■ Exercise ■
Word for word, write out all of the data below.

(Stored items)
★ ★ ★ ★ ★
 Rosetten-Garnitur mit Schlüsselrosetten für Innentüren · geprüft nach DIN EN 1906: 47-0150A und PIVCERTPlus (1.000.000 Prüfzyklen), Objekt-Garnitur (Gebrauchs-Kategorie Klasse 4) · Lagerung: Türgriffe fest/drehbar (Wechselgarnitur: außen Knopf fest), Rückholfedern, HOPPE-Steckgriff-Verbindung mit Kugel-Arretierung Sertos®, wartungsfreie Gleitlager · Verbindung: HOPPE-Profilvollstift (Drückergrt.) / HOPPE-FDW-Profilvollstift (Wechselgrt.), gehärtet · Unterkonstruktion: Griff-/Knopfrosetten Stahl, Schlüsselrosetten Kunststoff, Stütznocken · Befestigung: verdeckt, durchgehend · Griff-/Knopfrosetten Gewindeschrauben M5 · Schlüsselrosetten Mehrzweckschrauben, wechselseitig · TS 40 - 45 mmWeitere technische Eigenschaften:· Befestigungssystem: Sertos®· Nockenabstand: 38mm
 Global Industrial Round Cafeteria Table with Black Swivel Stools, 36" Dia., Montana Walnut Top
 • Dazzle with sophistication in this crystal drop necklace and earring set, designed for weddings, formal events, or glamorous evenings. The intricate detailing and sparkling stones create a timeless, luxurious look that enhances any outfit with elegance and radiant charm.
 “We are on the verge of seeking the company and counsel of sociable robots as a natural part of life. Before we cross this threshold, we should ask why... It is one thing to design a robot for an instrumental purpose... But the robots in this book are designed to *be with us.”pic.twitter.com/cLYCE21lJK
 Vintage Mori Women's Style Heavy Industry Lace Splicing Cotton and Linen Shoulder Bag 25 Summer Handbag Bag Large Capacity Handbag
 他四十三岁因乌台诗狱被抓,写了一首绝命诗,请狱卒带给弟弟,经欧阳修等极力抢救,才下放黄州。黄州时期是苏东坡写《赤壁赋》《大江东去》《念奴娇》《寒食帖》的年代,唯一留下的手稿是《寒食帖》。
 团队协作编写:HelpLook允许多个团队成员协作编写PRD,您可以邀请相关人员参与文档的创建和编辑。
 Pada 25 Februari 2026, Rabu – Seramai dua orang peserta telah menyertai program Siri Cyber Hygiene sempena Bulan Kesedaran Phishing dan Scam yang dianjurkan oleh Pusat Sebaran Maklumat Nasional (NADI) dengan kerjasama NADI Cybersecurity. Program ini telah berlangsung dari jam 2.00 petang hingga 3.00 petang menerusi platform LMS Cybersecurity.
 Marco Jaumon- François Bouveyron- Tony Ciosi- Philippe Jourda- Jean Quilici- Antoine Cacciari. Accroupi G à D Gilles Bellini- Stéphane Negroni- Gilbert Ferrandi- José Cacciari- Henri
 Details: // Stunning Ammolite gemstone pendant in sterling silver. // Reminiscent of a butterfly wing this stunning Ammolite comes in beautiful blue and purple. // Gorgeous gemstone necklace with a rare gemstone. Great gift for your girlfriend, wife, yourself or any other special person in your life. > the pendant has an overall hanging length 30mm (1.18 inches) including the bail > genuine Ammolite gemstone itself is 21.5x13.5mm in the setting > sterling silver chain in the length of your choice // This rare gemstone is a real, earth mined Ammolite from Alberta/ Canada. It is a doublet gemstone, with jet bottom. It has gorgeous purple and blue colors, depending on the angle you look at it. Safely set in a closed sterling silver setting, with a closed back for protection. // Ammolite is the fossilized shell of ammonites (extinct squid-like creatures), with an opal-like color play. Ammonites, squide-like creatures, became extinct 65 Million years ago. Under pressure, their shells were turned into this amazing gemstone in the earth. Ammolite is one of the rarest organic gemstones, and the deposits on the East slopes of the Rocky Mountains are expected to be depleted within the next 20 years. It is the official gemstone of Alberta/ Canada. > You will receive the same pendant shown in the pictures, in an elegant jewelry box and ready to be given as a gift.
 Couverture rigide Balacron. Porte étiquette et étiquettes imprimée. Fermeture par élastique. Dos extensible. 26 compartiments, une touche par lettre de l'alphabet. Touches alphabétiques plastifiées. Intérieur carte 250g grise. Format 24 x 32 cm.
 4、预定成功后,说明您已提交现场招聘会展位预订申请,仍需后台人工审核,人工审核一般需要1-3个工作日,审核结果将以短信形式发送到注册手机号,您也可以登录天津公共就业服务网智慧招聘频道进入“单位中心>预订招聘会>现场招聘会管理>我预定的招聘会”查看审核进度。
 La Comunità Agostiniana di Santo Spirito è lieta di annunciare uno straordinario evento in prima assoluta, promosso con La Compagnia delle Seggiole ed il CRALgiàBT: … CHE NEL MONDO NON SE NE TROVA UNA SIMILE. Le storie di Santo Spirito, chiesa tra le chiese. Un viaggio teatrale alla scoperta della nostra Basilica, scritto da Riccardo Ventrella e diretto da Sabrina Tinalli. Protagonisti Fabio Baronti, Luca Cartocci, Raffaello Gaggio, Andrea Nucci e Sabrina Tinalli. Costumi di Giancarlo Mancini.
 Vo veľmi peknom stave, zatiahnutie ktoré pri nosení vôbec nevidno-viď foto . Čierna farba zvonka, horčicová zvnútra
★ ★ ★ ★ ★
■ Reply to the exercise ■
 Rosetten-Garnitur mit Schlüsselrosetten für Innentüren · geprüft nach DIN EN 1906: 47-0150A und PIVCERTPlus (1.000.000 Prüfzyklen), Objekt-Garnitur (Gebrauchs-Kategorie Klasse 4) · Lagerung: Türgriffe fest/drehbar (Wechselgarnitur: außen Knopf fest), Rückholfedern, HOPPE-Steckgriff-Verbindung mit Kugel-Arretierung Sertos®, wartungsfreie Gleitlager · Verbindung: HOPPE-Profilvollstift (Drückergrt.) / HOPPE-FDW-Profilvollstift (Wechselgrt.), gehärtet · Unterkonstruktion: Griff-/Knopfrosetten Stahl, Schlüsselrosetten Kunststoff, Stütznocken · Befestigung: verdeckt, durchgehend · Griff-/Knopfrosetten Gewindeschrauben M5 · Schlüsselrosetten Mehrzweckschrauben, wechselseitig · TS 40 - 45 mmWeitere technische Eigenschaften:· Befestigungssystem: Sertos®· Nockenabstand: 38mm
 Global Industrial Round Cafeteria Table with Black Swivel Stools, 36" Dia., Montana Walnut Top
 • Dazzle with sophistication in this crystal drop necklace and earring set, designed for weddings, formal events, or glamorous evenings. The intricate detailing and sparkling stones create a timeless, luxurious look that enhances any outfit with elegance and radiant charm.
 “We are on the verge of seeking the company and counsel of sociable robots as a natural part of life. Before we cross this threshold, we should ask why... It is one thing to design a robot for an instrumental purpose... But the robots in this book are designed to *be with us.”pic.twitter.com/cLYCE21lJK
 Vintage Mori Women's Style Heavy Industry Lace Splicing Cotton and Linen Shoulder Bag 25 Summer Handbag Bag Large Capacity Handbag
 他四十三岁因乌台诗狱被抓,写了一首绝命诗,请狱卒带给弟弟,经欧阳修等极力抢救,才下放黄州。黄州时期是苏东坡写《赤壁赋》《大江东去》《念奴娇》《寒食帖》的年代,唯一留下的手稿是《寒食帖》。
 团队协作编写:HelpLook允许多个团队成员协作编写PRD,您可以邀请相关人员参与文档的创建和编辑。
 Pada 25 Februari 2026, Rabu – Seramai dua orang peserta telah menyertai program Siri Cyber Hygiene sempena Bulan Kesedaran Phishing dan Scam yang dianjurkan oleh Pusat Sebaran Maklumat Nasional (NADI) dengan kerjasama NADI Cybersecurity. Program ini telah berlangsung dari jam 2.00 petang hingga 3.00 petang menerusi platform LMS Cybersecurity.
 Marco Jaumon- François Bouveyron- Tony Ciosi- Philippe Jourda- Jean Quilici- Antoine Cacciari. Accroupi G à D Gilles Bellini- Stéphane Negroni- Gilbert Ferrandi- José Cacciari- Henri
 Details: // Stunning Ammolite gemstone pendant in sterling silver. // Reminiscent of a butterfly wing this stunning Ammolite comes in beautiful blue and purple. // Gorgeous gemstone necklace with a rare gemstone. Great gift for your girlfriend, wife, yourself or any other special person in your life. > the pendant has an overall hanging length 30mm (1.18 inches) including the bail > genuine Ammolite gemstone itself is 21.5x13.5mm in the setting > sterling silver chain in the length of your choice // This rare gemstone is a real, earth mined Ammolite from Alberta/ Canada. It is a doublet gemstone, with jet bottom. It has gorgeous purple and blue colors, depending on the angle you look at it. Safely set in a closed sterling silver setting, with a closed back for protection. // Ammolite is the fossilized shell of ammonites (extinct squid-like creatures), with an opal-like color play. Ammonites, squide-like creatures, became extinct 65 Million years ago. Under pressure, their shells were turned into this amazing gemstone in the earth. Ammolite is one of the rarest organic gemstones, and the deposits on the East slopes of the Rocky Mountains are expected to be depleted within the next 20 years. It is the official gemstone of Alberta/ Canada. > You will receive the same pendant shown in the pictures, in an elegant jewelry box and ready to be given as a gift.
 Couverture rigide Balacron. Porte étiquette et étiquettes imprimée. Fermeture par élastique. Dos extensible. 26 compartiments, une touche par lettre de l'alphabet. Touches alphabétiques plastifiées. Intérieur carte 250g grise. Format 24 x 32 cm.
 4、预定成功后,说明您已提交现场招聘会展位预订申请,仍需后台人工审核,人工审核一般需要1-3个工作日,审核结果将以短信形式发送到注册手机号,您也可以登录天津公共就业服务网智慧招聘频道进入“单位中心>预订招聘会>现场招聘会管理>我预定的招聘会”查看审核进度。
 La Comunità Agostiniana di Santo Spirito è lieta di annunciare uno straordinario evento in prima assoluta, promosso con La Compagnia delle Seggiole ed il CRALgiàBT: … CHE NEL MONDO NON SE NE TROVA UNA SIMILE. Le storie di Santo Spirito, chiesa tra le chiese. Un viaggio teatrale alla scoperta della nostra Basilica, scritto da Riccardo Ventrella e diretto da Sabrina Tinalli. Protagonisti Fabio Baronti, Luca Cartocci, Raffaello Gaggio, Andrea Nucci e Sabrina Tinalli. Costumi di Giancarlo Mancini.
 Vo veľmi peknom stave, zatiahnutie ktoré pri nosení vôbec nevidno-viď foto . Čierna farba zvonka, horčicová zvnútra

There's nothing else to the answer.